▶ Source material
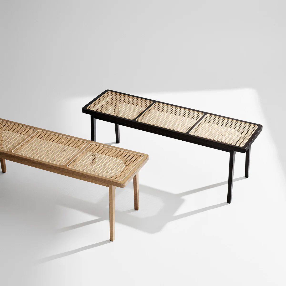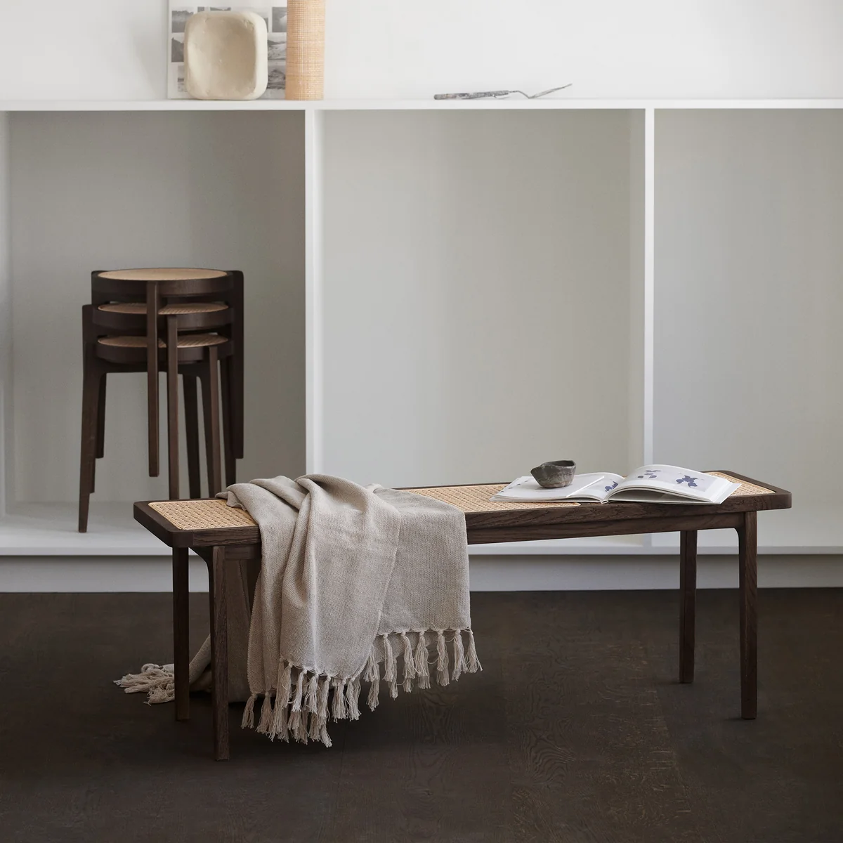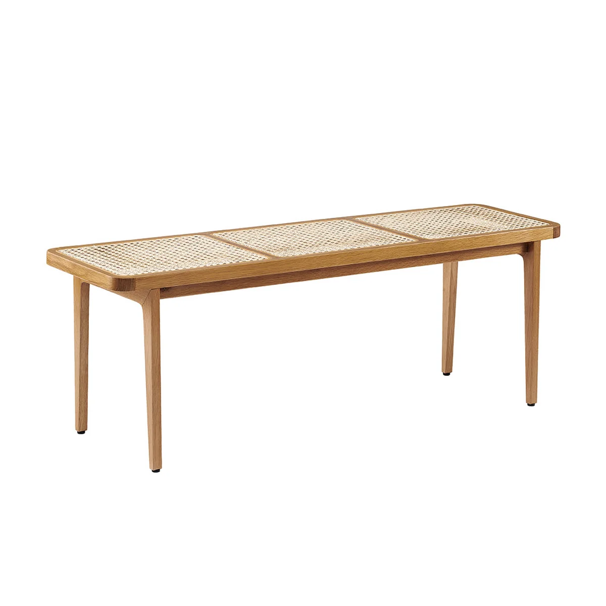 Le banc est composé d'une structure en bois massif. Le tressage en rotin est inséré dans le cadre selon un procédé traditionnel. Le tressage se fond joliment dans son environnement et souligne la simplicité de la construction du banc. Le banc peut être placé comme décoration dans la pièce et constitue également un siège pratique dans l'entrée, à la table à manger ou dans la chambre à coucher.
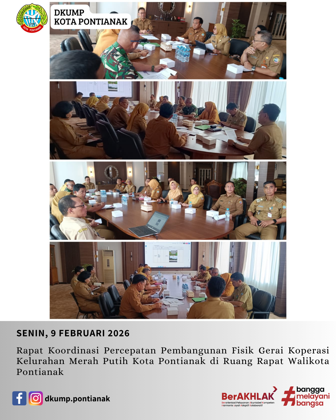 Rapat Koordinasi Percepatan Pembangunan Fisik Gerai Koperasi Kelurahan Merah Putih Kota Pontianak di Ruang Rapat Walikota Pontianak.
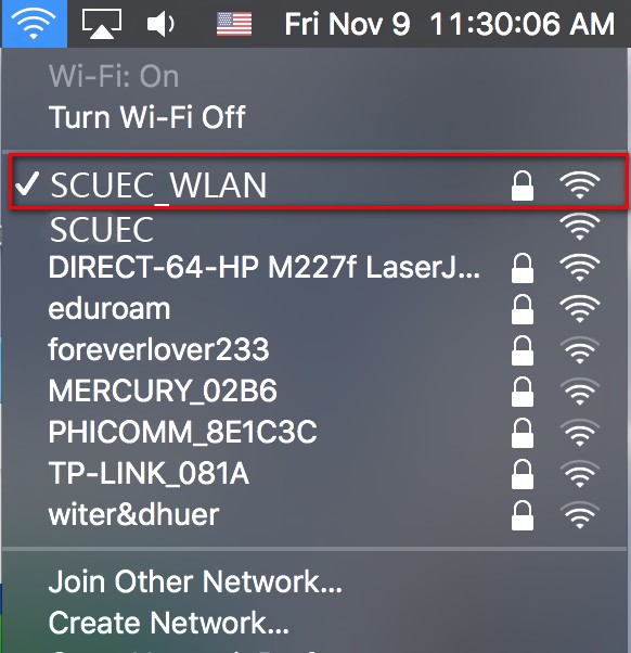 目前SCUEC_WLAN支持所有主流終端和操作系統(tǒng),下面列出 蘋果MacOS(電腦)系統(tǒng) 的配置方法。

▶ Exercise objective
Skip all pictures. Then give again, exactly, each line from the line holding "Rapat Koordinasi Percepatan" through the last line of the listing above, both ends included.

▶ Result below
 Rapat Koordinasi Percepatan Pembangunan Fisik Gerai Koperasi Kelurahan Merah Putih Kota Pontianak di Ruang Rapat Walikota Pontianak.
 目前SCUEC_WLAN支持所有主流終端和操作系統(tǒng),下面列出 蘋果MacOS(電腦)系統(tǒng) 的配置方法。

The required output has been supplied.